> **PROBLEM TO SOLVE**
A word-for-word retyping of the listing below is required, with the pictures dropped.

> **COLLECTED DATA**
- - - - -

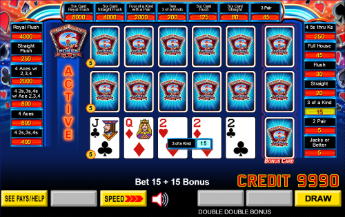 画像はVideo Poker.comの許可を得て使用しています。Super Draw 6をプレイするには、ゴールドレベルのメンバーシップが必要です。
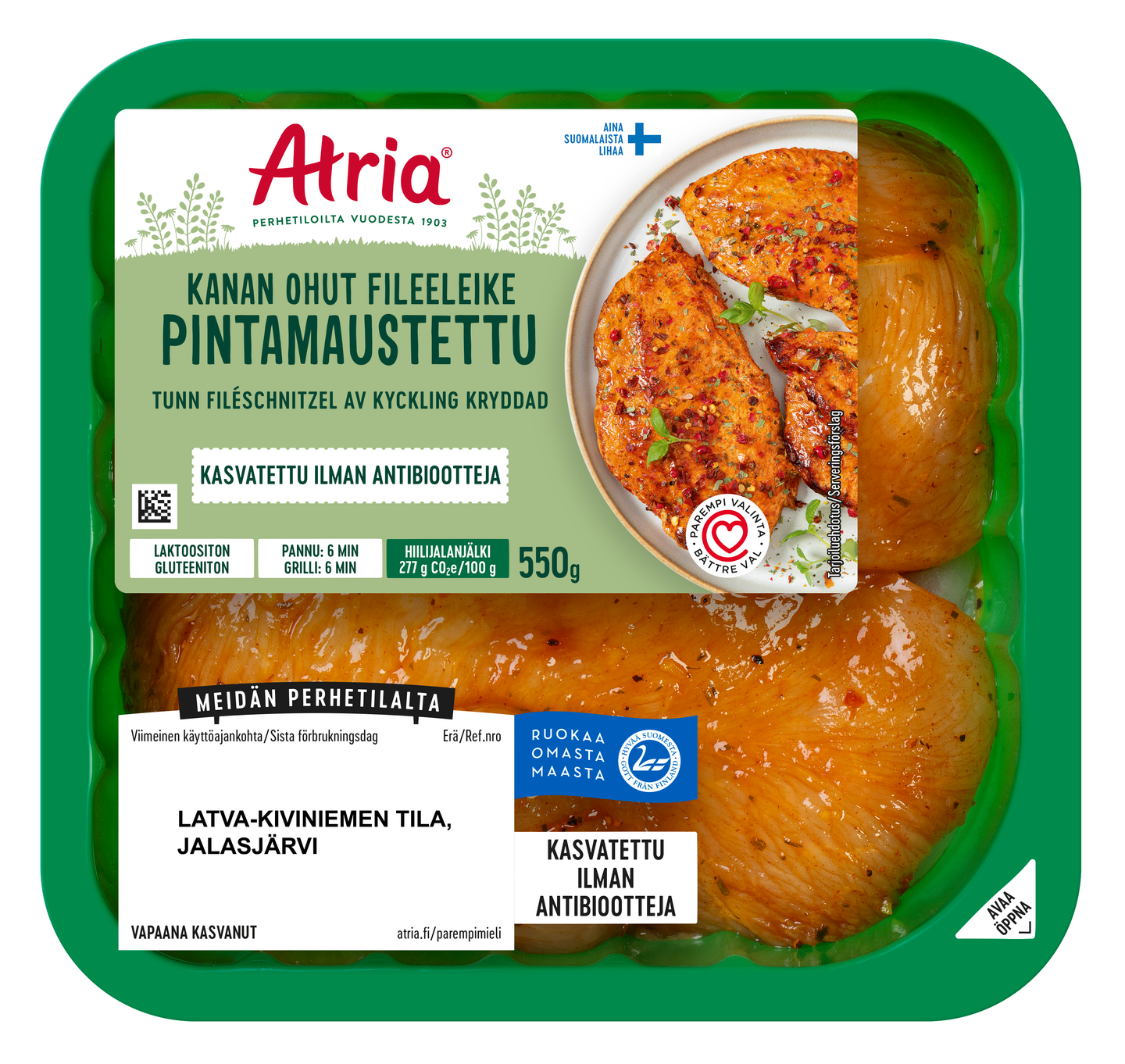 LaktoositonKevyesti pintamaustettu Atria kanan ohut fileeleike sopii todella moneen kanaruokaan. Aina herkullisista ja täyteläisistä kastikkeista erilaisiin eksoottisiin ruokiin, kuten fajitaksiin tai tortilloihin. Kypsennyksen jälkeen viilennettynä sopii myös mainiosti salaatin joukkoon. Erityisen hyvää kanan fileeleikkeestä tulee grillissä ja valmiiksi pintamaustettuna se sopiikin valmistettavaksi sellaisenaan. Kana on erinomainen grilliherkku esimerkiksi maissin kanssa tarjoiltuna. Antibioottivapaa-merkintä pakkauksessa kertoo, että eläimet eivät ole tarvinneet ainuttakaan antibioottikuuria elämänsä aikana.
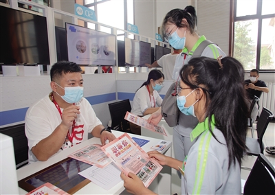 招聘会现场,市就业和人才服务中心积极推动“企业行校园行”活动,与大同第二高级职业中学校100余名毕业班学生开展精准对接,还有不少求职者在招聘活动开始前便来到现场,在职业指导台、各企业招聘窗口前咨询、求职。企业招聘人员热情地向广大求职者介绍我市大数据服务产业的未来发展前景、入职后的薪资待遇、岗位需求等信息。二职中学生翟皓楠说,过去对大数据服务产业认识比较模糊,现场咨询了解到,我市目前正在大力发展大数据产业,可供选择的岗位比较多,发展前景可观,他有了几家中意的企业,已做了求职登记。
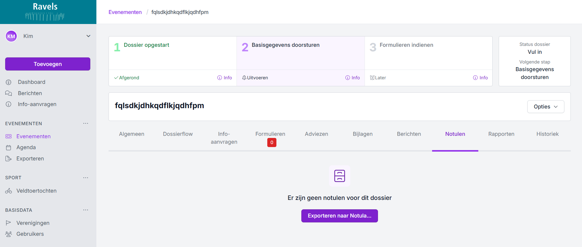 - Klik onderaan rechts op Exporteren om het dossier door te sturen naar Notula.

- - - - -

> **SOLVED PROBLEM**
 画像はVideo Poker.comの許可を得て使用しています。Super Draw 6をプレイするには、ゴールドレベルのメンバーシップが必要です。
 LaktoositonKevyesti pintamaustettu Atria kanan ohut fileeleike sopii todella moneen kanaruokaan. Aina herkullisista ja täyteläisistä kastikkeista erilaisiin eksoottisiin ruokiin, kuten fajitaksiin tai tortilloihin. Kypsennyksen jälkeen viilennettynä sopii myös mainiosti salaatin joukkoon. Erityisen hyvää kanan fileeleikkeestä tulee grillissä ja valmiiksi pintamaustettuna se sopiikin valmistettavaksi sellaisenaan. Kana on erinomainen grilliherkku esimerkiksi maissin kanssa tarjoiltuna. Antibioottivapaa-merkintä pakkauksessa kertoo, että eläimet eivät ole tarvinneet ainuttakaan antibioottikuuria elämänsä aikana.
 招聘会现场,市就业和人才服务中心积极推动“企业行校园行”活动,与大同第二高级职业中学校100余名毕业班学生开展精准对接,还有不少求职者在招聘活动开始前便来到现场,在职业指导台、各企业招聘窗口前咨询、求职。企业招聘人员热情地向广大求职者介绍我市大数据服务产业的未来发展前景、入职后的薪资待遇、岗位需求等信息。二职中学生翟皓楠说,过去对大数据服务产业认识比较模糊,现场咨询了解到,我市目前正在大力发展大数据产业,可供选择的岗位比较多,发展前景可观,他有了几家中意的企业,已做了求职登记。
 - Klik onderaan rechts op Exporteren om het dossier door te sturen naar Notula.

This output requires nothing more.